Core elements mirror descriptions from industry playbooks at McKinsey & Company and academic treatments at University of Pennsylvania: tasks, transitions, actors, resources, data objects, and control logic. Actors include roles defined by human resources policies at IBM or automated agents built by teams at OpenAI and DeepMind. Resources range from assets tracked with systems by Accenture to cloud services from Amazon Web Services and Microsoft Azure. Data objects follow governance regimes influenced by General Data Protection Regulation and security frameworks advocated by National Institute of Standards and Technology. Control logic is expressed through notation such as Business Process Model and Notation promoted by Object Management Group.
Design practices draw on methods from Lean manufacturing, popularized through studies at Toyota Motor Corporation and research disseminated by Harvard Business School. Optimization techniques use operations research contributions from INFORMS and algorithmic approaches developed at Massachusetts Institute of Technology and Princeton University. Process mining, a field advanced at Eindhoven University of Technology and firms like Celonis, applies event-log analysis to detect bottlenecks; simulation approaches use platforms influenced by research at Sandia National Laboratories and Los Alamos National Laboratory. Change management and human factors integrate insights from Johns Hopkins University and London School of Economics casework.
Commercial suites from SAP SE, Oracle Corporation, IBM and cloud-native orchestration by Amazon Web Services, Google Cloud Platform, and Microsoft Azure dominate enterprise deployments; open-source projects from Apache Software Foundation and ecosystems nurtured by GitHub provide alternatives. Workflow engines include offerings from Camunda and libraries originating in research at University of California, Irvine; low-code/no-code platforms from companies like Salesforce and ServiceNow enable citizen developers. Integration with machine learning pipelines leverages toolchains from TensorFlow and PyTorch, while monitoring and observability borrow from systems developed at Grafana Labs and Elastic (company).

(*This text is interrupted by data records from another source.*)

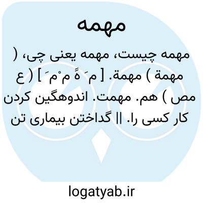 مهمة. [ م ُ هَِ م ْم َ ]( ع ص ) تأنیث مهم. ج، مهمات. در اندوه اندازنده. || مجازاً ضروری، چرا که کار ضروری آدمی را در اندوه و غم می اندازد. ( غیاث ). رجوع به مهم شود.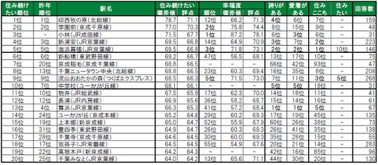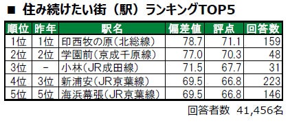 1位は5年連続で、印西市に位置する印西牧の原です。2位は、2年連続で千葉市緑区に位置する学園前です。3位は初登場の印西市に位置する小林で、昨年は累計回答数が30名未満でランキング集計対象外だった駅です。トップ10内では、7位の京成稲毛が昨年20位から大きく順位を上げてトップ10入りしています。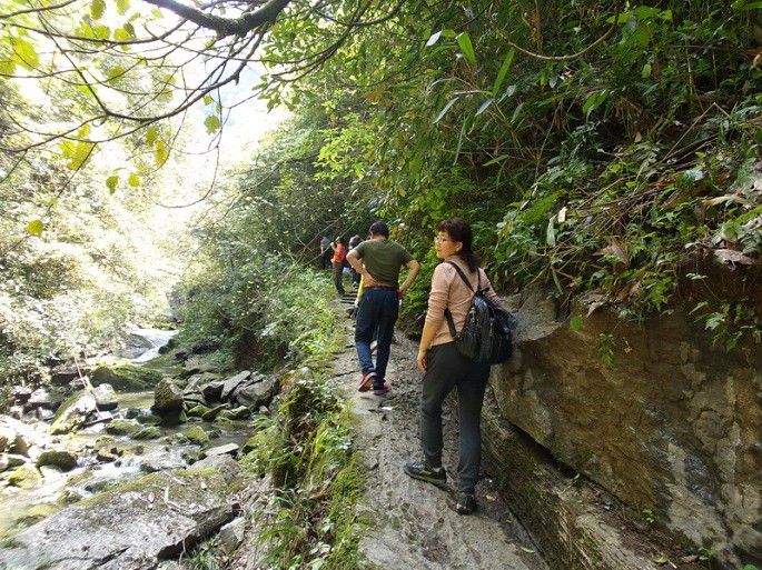 不知是否地导为了鼓励大家,编出一个八十岁老太太都穿过此峡的传说,我觉得故事有点夸张,虽非真正意义上的徒手攀岩,但绝对有那种险奇刺激的味道,况且还有轰鸣的飞瀑相伴。岩石湿滑,一不小心就会铸成千古恨。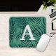 Green tropical leaves pattern mousepad personalized with a monogram initial in the center. Ideal women's home office supplies.

In healthcare, institutions such as Cleveland Clinic and Mayo Clinic implement clinical pathways and electronic health record workflows to improve outcomes; pandemic response programs at World Health Organization and Centers for Disease Control and Prevention illustrate rapid reconfiguration. Financial services at JPMorgan Chase and Citigroup use automated approvals and compliance workflows influenced by regulations from Financial Conduct Authority and European Central Bank. In scientific research, projects at CERN and Human Genome Project employ data-processing pipelines and coordination workflows. Creative industries at Walt Disney Company and BBC use production workflows for content delivery, while manufacturing case studies from Siemens and General Electric show assembly and supply-chain orchestration.